President McKinley’s Will
W.—We print below a copy of the will of the
late President McKinley—whose untimely death the whole world mourns.
If a Virginia court were called upon to construe this will, there
would be much room for the argument that instead of Mrs. McKinley’s
taking a life estate, as the testator clearly intended, she takes
a fee-simple, charged only with the annuity to the testator’s mother,
and to the exclusion of the remaindermen. The Virginia courts have
pushed to the utmost limit what is known in this State as “the doctrine
of May v. Joynes” (20 Gratt. 692)—that is that a limitation
for life, and “what remains” over in fee to another, carries a fee-simple
to the first taker—whether the estate be real of personal. See Farish
v. Wayman, 91 Va. 430, 21 S. E. 810, 1 Va. Law Reg. 214 and
note by Judge Burks collecting the Virginia authorities. See also
a striking illustration of the extremity to which the doctrine has
been carried, in Robertson v. Hardy (Va.), 23 S. E.
In most of the States the courts are
more liberal in upholding the intention of the testator, and limiting
the estate in such case to a life estate in the first taker, unless
it distinctly appear that such was not the intention of the testator.
See Giles v. Little, 104 U. S. 291; Rubey v.
Barnett, 12 Mo. 3, 49 Am. Dec. 112, and note, 115-119. Compare
Roberts v. Lewis, 153 U. S. 367. In 3 Va. Law Reg.
65 will be found an excellent discussion of this subject, by Prof.

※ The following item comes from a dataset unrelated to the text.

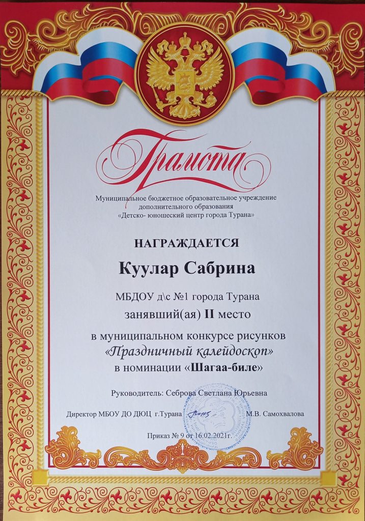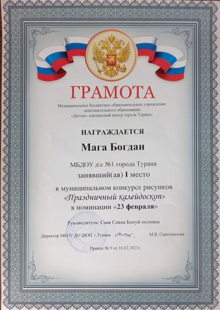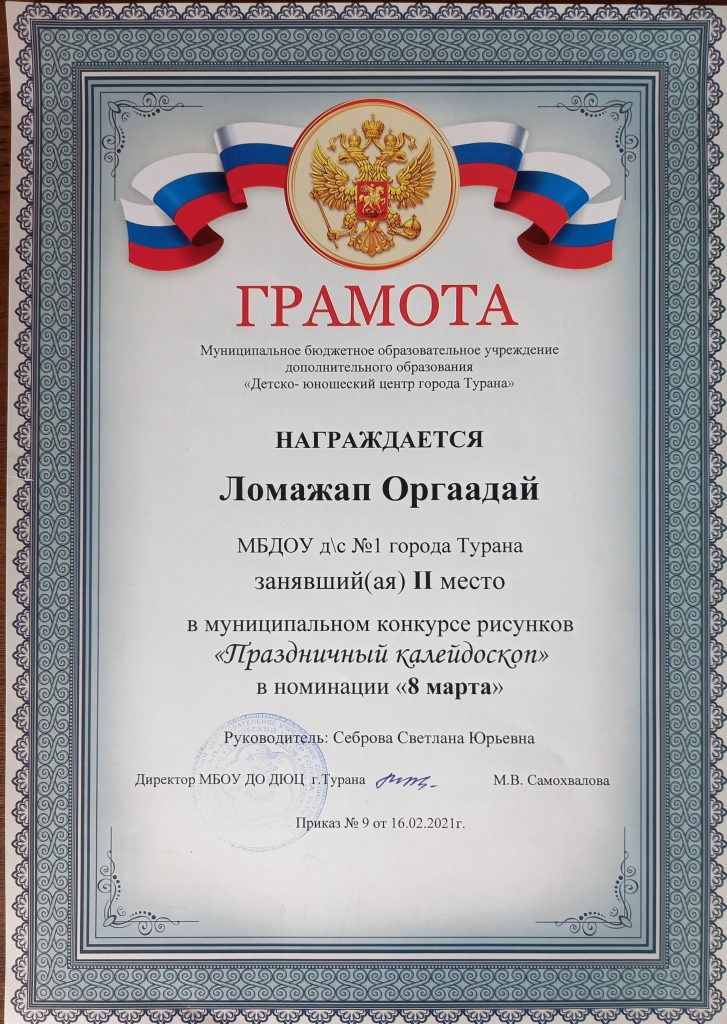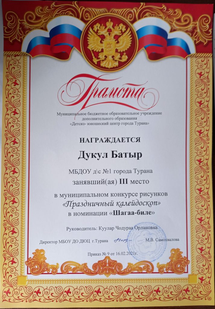С 15 января по 15 февраля 2021 г. в нашем кожууне проходил конкурс детского рисунка «Праздничный калейдоскоп». На этот конкурс можно было представлять рисунки по следующим номинациям: «Шагаа — 2021», «23 февраля», «8 Марта». В этом конкурсе приняли участие 8 наших воспитанников со своими родителями. Трое участников представили свои работы сразу в трех номинациях. Из 8 детей шестеро заняли призовые места и были награждены грамотами. Поздравляем!

Graves, in which are reviewed both the Virginia doctrine and that
generally prevailing elsewhere.
The will in question is as follows:
“I publish the following as my latest
will and testament, hereby revoking all former wills:
“To my beloved wife, Ida S. McKinley,
I bequeath all of my real estate, wherever situated, and the income
of any personal property of which I may be possessed at death, during
her natural life. I make the following charge upon all my property,
both real and personal:
“To pay my mother during her life
$1,000 a year, and at her death said sum to be paid to my sister,
Helen McKinley. If the income from property be insufficient to keep
my wife in great comfort and pay the annuity above provided, then
I direct that such of my property be sold so as to make a sum adequate
for both purposes. Whatever property remains at the death of my
wife, I give to my  brother
and sisters, share and share alike. My chief concern is that my
wife from my estate shall have all she requires for her comfort
and pleasure, and that my mother shall be provided with whatever
money she requires to make her old age comfortable and happy.
“Witness my hand and seal this 22d
day of October, 1897, to my last will and testament, made at the
City of Washington, District of Columbia.